The agglutinative nature of the Turkish language has a complex morphological structure, and there are generally more than one parse for a given word. Before further processing, morphological disambiguation is required to determine the correct morphological analysis of a word. Morphological disambiguation is one of the first and crucial steps in natural language processing since its success determines later analyses. In our proposed morphological disambiguation method, we used a transformer-based sequence-to-sequence neural network architecture. Transformers are commonly used in various NLP tasks, and they produce state-of-the-art results in machine translation.
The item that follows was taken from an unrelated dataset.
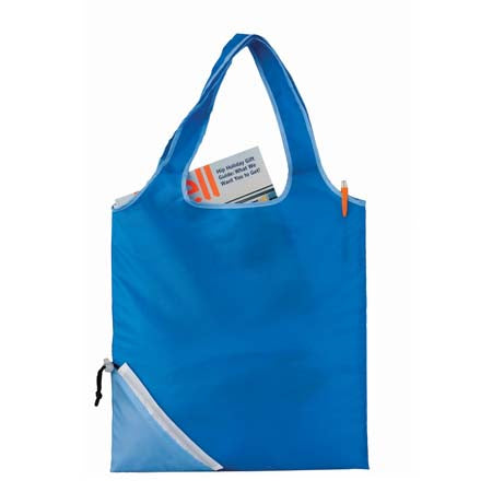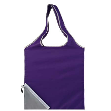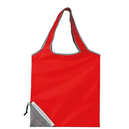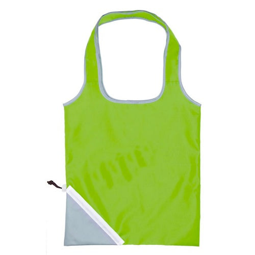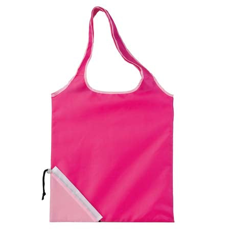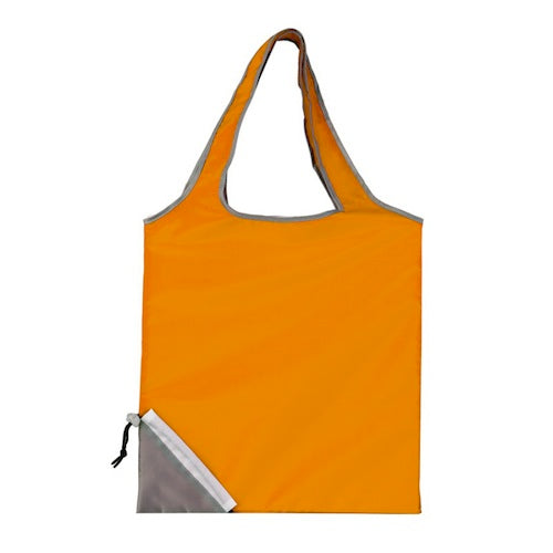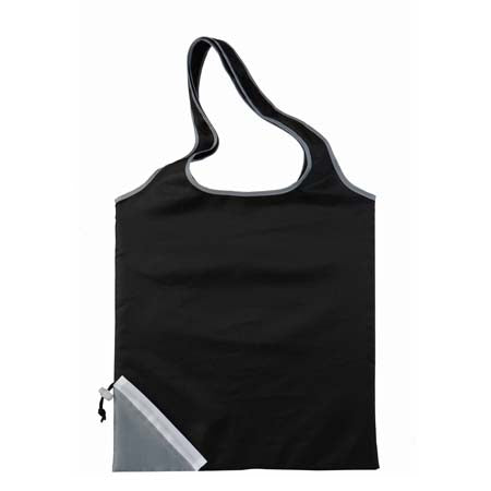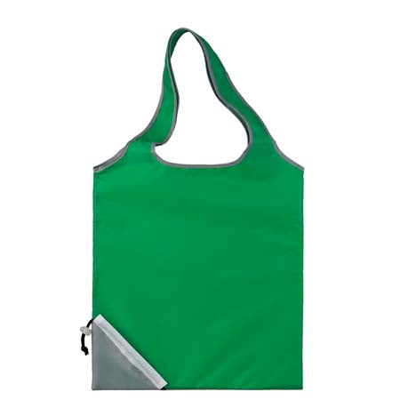 Borsa per spesa pieghevole con ampio scomparto principale e manici a spalla. La borsa si ripiega dentro l'angolo inferiore e resta all'interno grazie alla chiusura trasparente sulla coulisse.

However, to the best of our knowledge, transformer-based encoder-decoders have not been studied in morphological disambiguation. In this study, in addition to character level tokenization, three input subword representations are evaluated, which are unigram, bytepair, and wordpiece tokenization methods. We have achieved the best accuracy with character input representation which is 96.25%. Although the proposed model is developed for Turkish language, it is not language-dependent, so it can be applied to a larger set of languages.
Natural language analysis, agglutinative languages, machine learning methods, morphological disambigua tion, morphological analysis, transformer network
ÖZER, HİLAL and KORKMAZ, EMİN ERKAN
"Transmorph: a transformer based morphological disambiguator for Turkish,"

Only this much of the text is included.